* _Task details_
Please print, exactly, only the lines in the entries below from the line that has "ওয়েবসাইট: | http://bfidc.teletalk.com.bd |" through the line that has "金寨火車站派出所民警張嗣一在". Pictures don't go in.

* _Record excerpts_
--- START ---

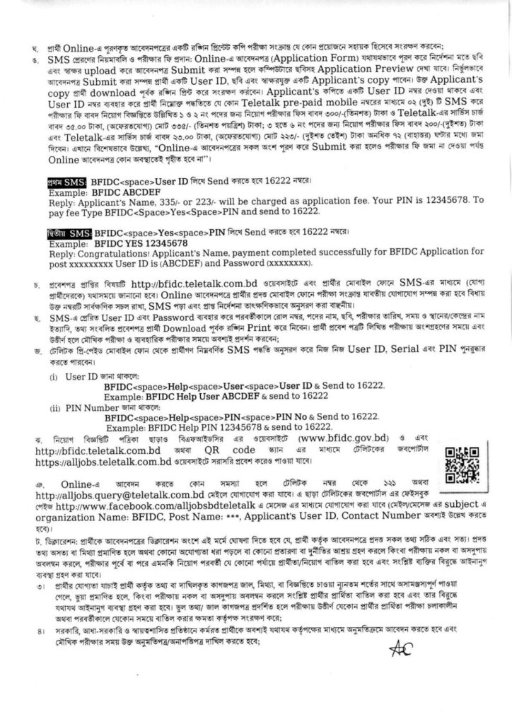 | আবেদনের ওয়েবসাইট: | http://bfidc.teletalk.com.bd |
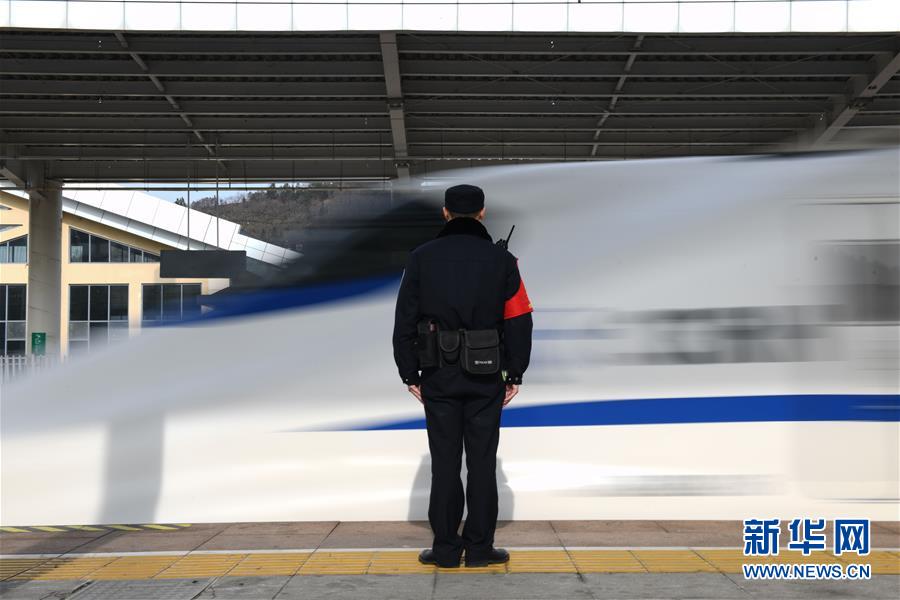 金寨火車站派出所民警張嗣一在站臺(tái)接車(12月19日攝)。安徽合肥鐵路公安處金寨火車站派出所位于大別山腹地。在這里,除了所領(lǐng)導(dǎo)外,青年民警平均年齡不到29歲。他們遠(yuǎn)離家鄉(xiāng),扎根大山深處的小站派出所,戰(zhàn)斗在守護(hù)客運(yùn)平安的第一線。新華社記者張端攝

--- END ---
--- START ---

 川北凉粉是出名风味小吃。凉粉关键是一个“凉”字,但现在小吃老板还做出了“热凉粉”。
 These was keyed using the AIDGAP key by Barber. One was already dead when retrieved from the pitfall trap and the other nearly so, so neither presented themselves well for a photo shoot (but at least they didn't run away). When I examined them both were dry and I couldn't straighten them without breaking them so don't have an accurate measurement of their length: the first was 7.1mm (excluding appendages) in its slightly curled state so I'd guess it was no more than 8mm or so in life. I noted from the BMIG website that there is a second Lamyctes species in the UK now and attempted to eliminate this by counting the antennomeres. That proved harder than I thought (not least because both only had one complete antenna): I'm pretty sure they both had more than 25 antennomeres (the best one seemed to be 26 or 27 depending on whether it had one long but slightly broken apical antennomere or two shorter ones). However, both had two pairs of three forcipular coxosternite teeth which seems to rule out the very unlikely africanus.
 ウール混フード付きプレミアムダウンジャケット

--- END ---

* _Written solution_
 | আবেদনের ওয়েবসাইট: | http://bfidc.teletalk.com.bd |
 金寨火車站派出所民警張嗣一在站臺(tái)接車(12月19日攝)。安徽合肥鐵路公安處金寨火車站派出所位于大別山腹地。在這里,除了所領(lǐng)導(dǎo)外,青年民警平均年齡不到29歲。他們遠(yuǎn)離家鄉(xiāng),扎根大山深處的小站派出所,戰(zhàn)斗在守護(hù)客運(yùn)平安的第一線。新華社記者張端攝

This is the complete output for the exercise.